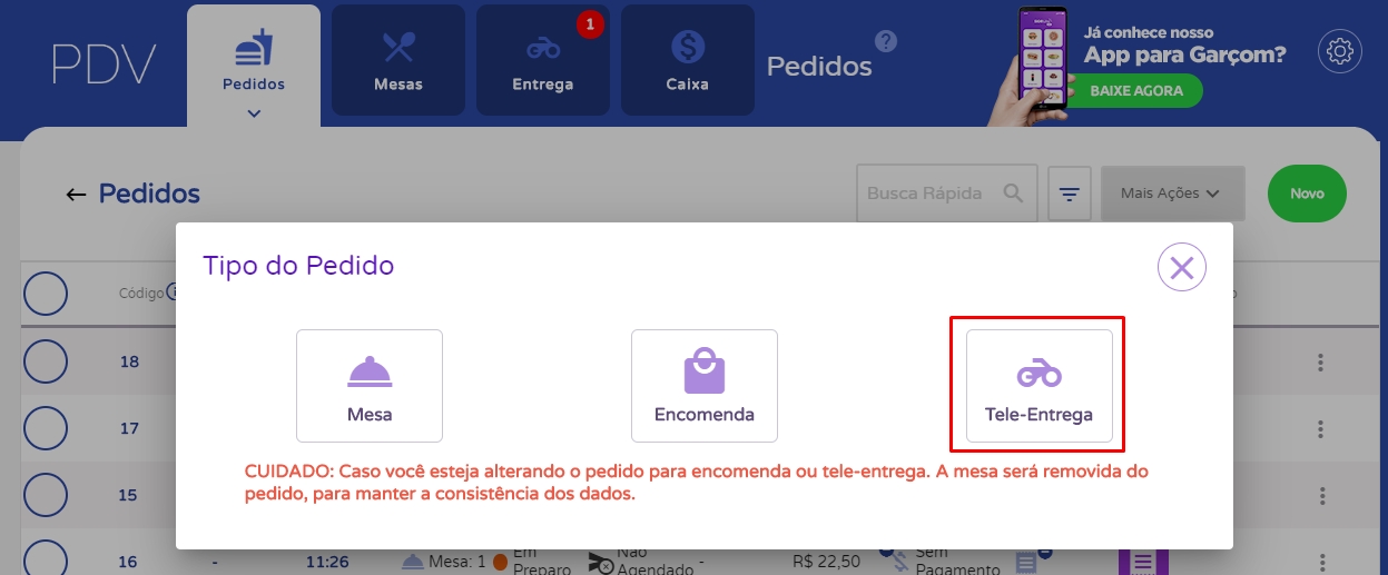 Nesse momento, se abrirá o painel de controle de pedidos. Clique em Novo e em Tipo de Pedido, selecione Tele-Entrega.
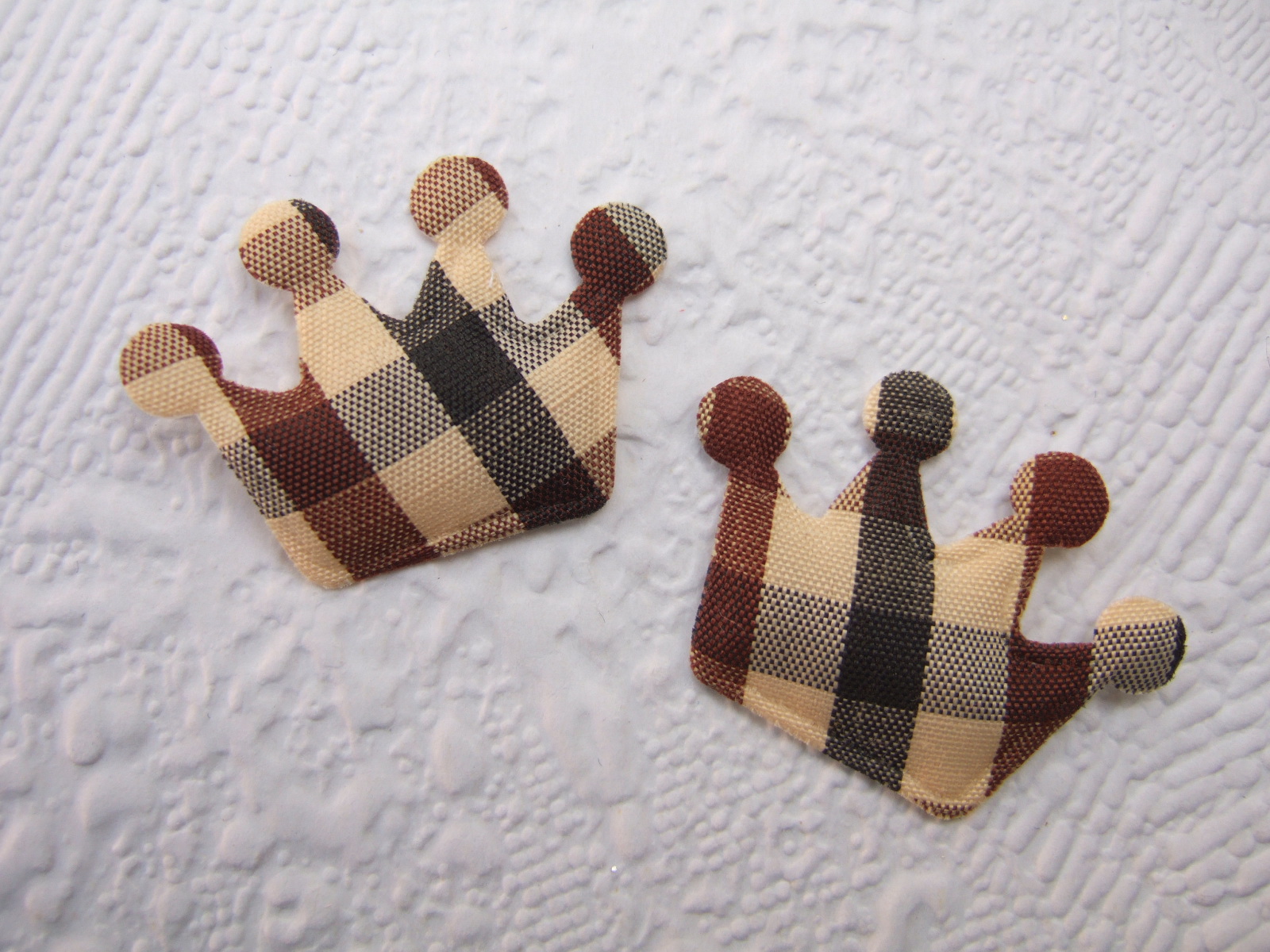 Iets gevulde kroontjes met brede tweekleurige ruitjes.
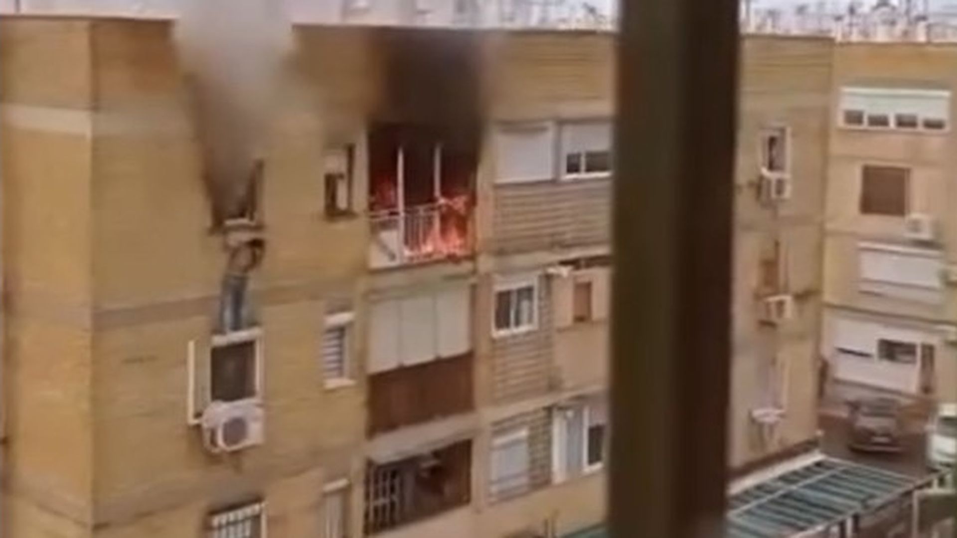 Una mujer salva 'in extremis' a su vecina que cayó desde una ventana cuando huía de las llamas en Sevilla
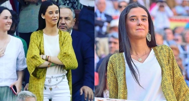 Se trata de un kimono de Nícoli que utilizó para acudir a una corrida en Las Ventas. En su look destacan los accesorios: unos ear cuffs en plata que cubrían prácticamente la totalidad de su oreja y un cinturón con cadenas del que colgaban algunos abalorios. Pero este kimono lo ha reciclado varias veces demostrando que ofrece muchas posibilidades.
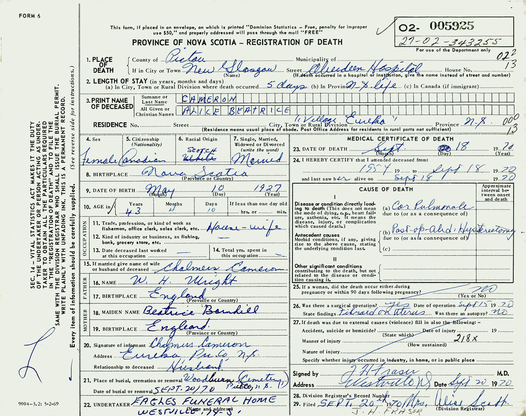 3. PRINT NAME OF DECEASED Cameron, Alice Beatric
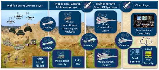 CioT involves an integrated network of homogeneous and heterogeneous sensors and smart devices connected using edge and cloud infrastructures to support non-combative mission-critical tasks and operations. However, MioT involves a network of homogeneous and heterogeneous battlefield devices, intelligent and marginally intelligent, and wearable devices that are connected to support combative and battlefield operations. In an MioT environment, fog, edge, and cloud computing connect the ubiquitous sensors and IoT devices worn by military personnel and embedded in military equipment to create a cohesive fighting force to increase the situational awareness, risk assessment, and response time [14,15,16]. However, MioT uses mobile edge computing where IoT end devices transmit the data via a mobile edge server to a mobile base station [17].
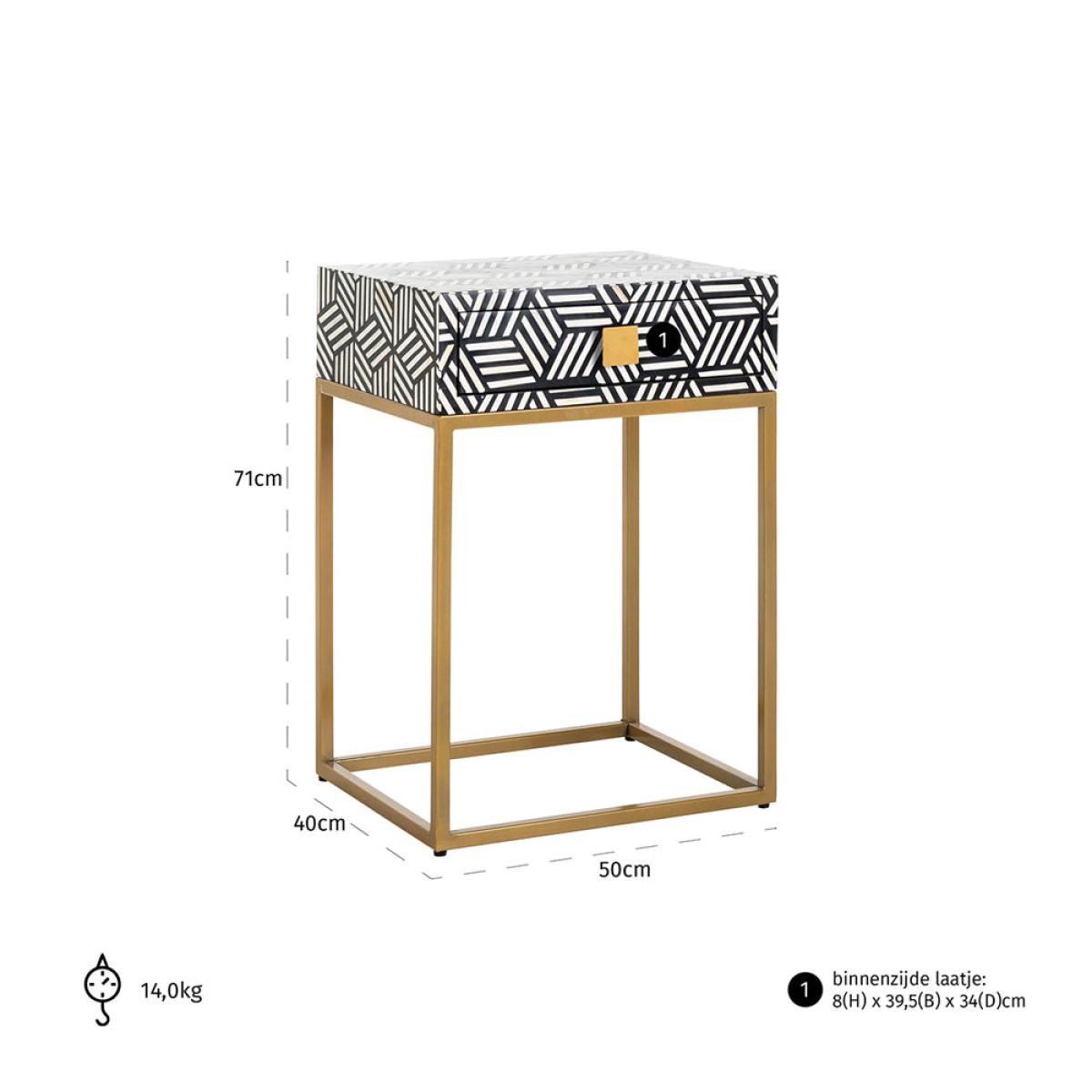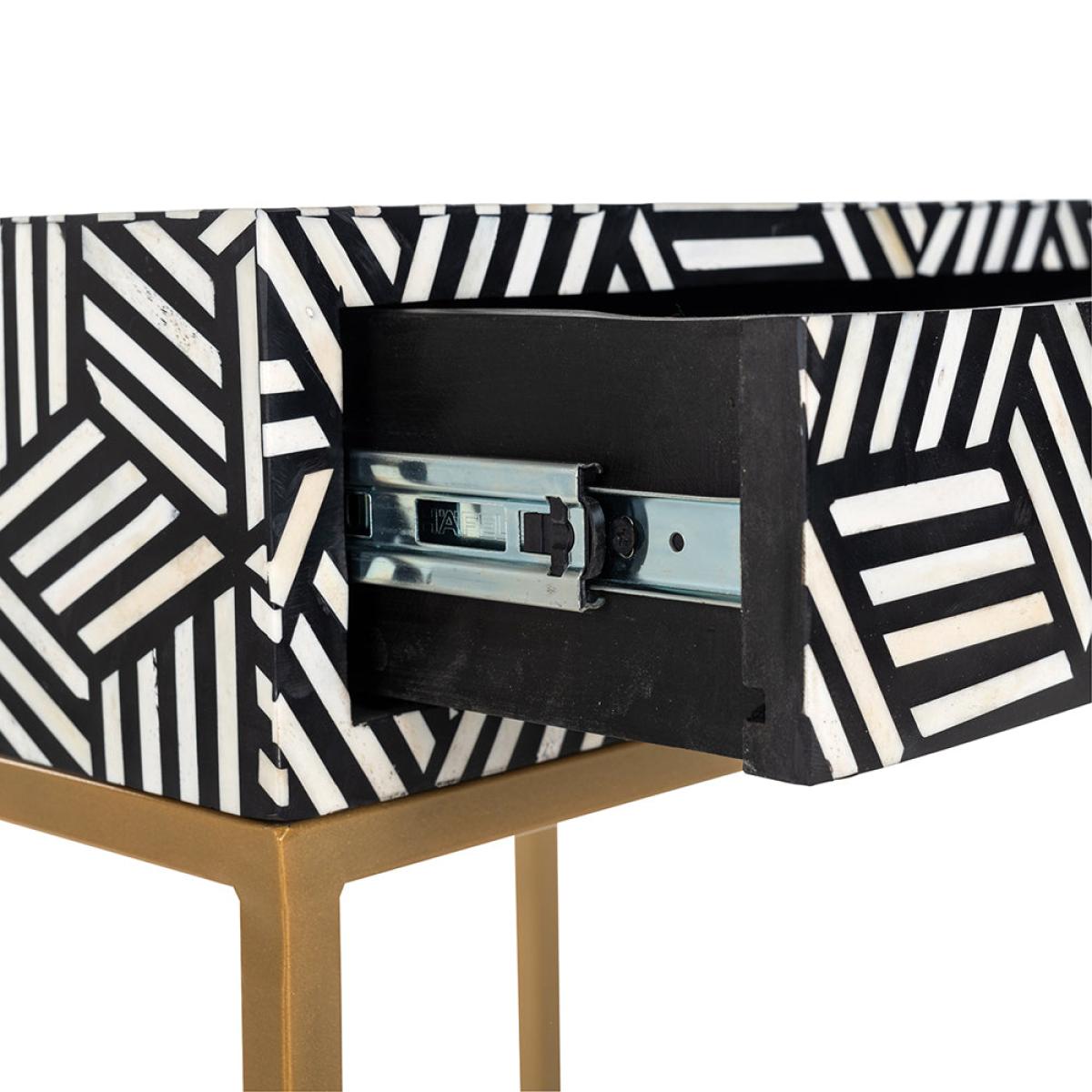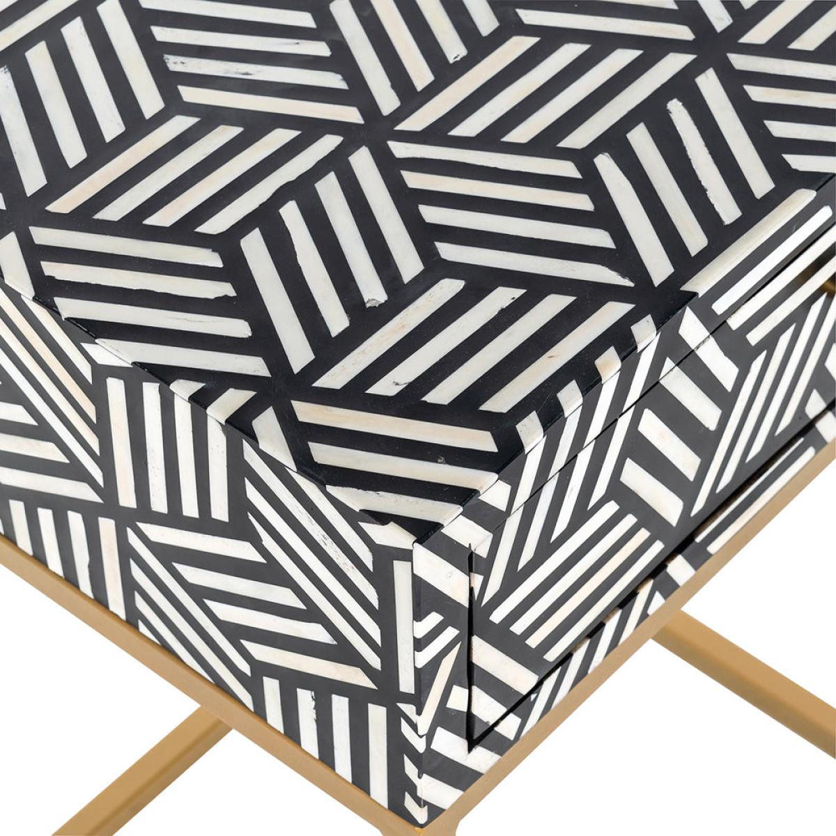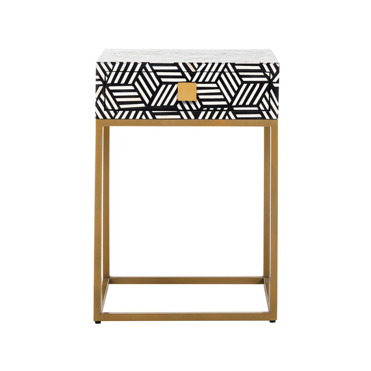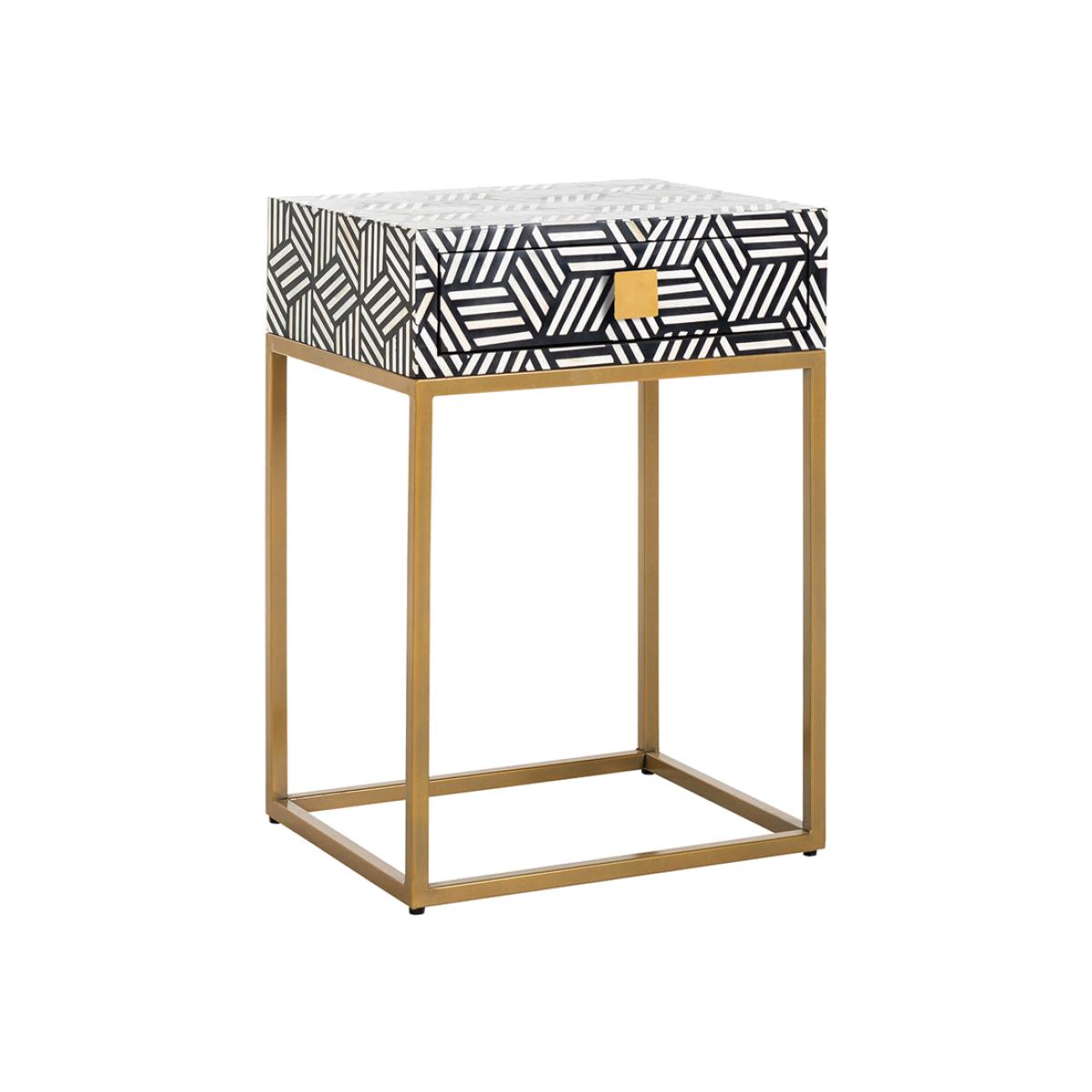 The Bliss nightstand by Richmond Interiors is bold and is certain to make a big impression in your bedroom. With a single drawer that provides ample storage for your night-time essentials, the tabl. View More. The Bliss nightstand by Richmond Interiors is bold and is certain to make a big impression in your bedroom. With a single drawer that provides ample storage for your night-time essentials, the table is practical as well as beautiful. The striking geometric pattern in black and white is made from recycled bone and wood, making this piece a good choice for the environment. Hard-wearing with a strong and durable iron frame, this luxurious nightstand is perfect for placing a lamp or candle on and looks stunning as a pair on either side of the bed. Sustainable, practical and beautiful, what more could you wish for?.
= = = = = = =
▶ **Task to carry out**
Take the lines from the first line of the entries through the line with "3. PRINT NAME", inclusive, and give them again exactly, minus any pictures.

▶ **Result of the task**
 Nesse momento, se abrirá o painel de controle de pedidos. Clique em Novo e em Tipo de Pedido, selecione Tele-Entrega.
 Iets gevulde kroontjes met brede tweekleurige ruitjes.
 Una mujer salva 'in extremis' a su vecina que cayó desde una ventana cuando huía de las llamas en Sevilla
 Se trata de un kimono de Nícoli que utilizó para acudir a una corrida en Las Ventas. En su look destacan los accesorios: unos ear cuffs en plata que cubrían prácticamente la totalidad de su oreja y un cinturón con cadenas del que colgaban algunos abalorios. Pero este kimono lo ha reciclado varias veces demostrando que ofrece muchas posibilidades.
 3. PRINT NAME OF DECEASED Cameron, Alice Beatric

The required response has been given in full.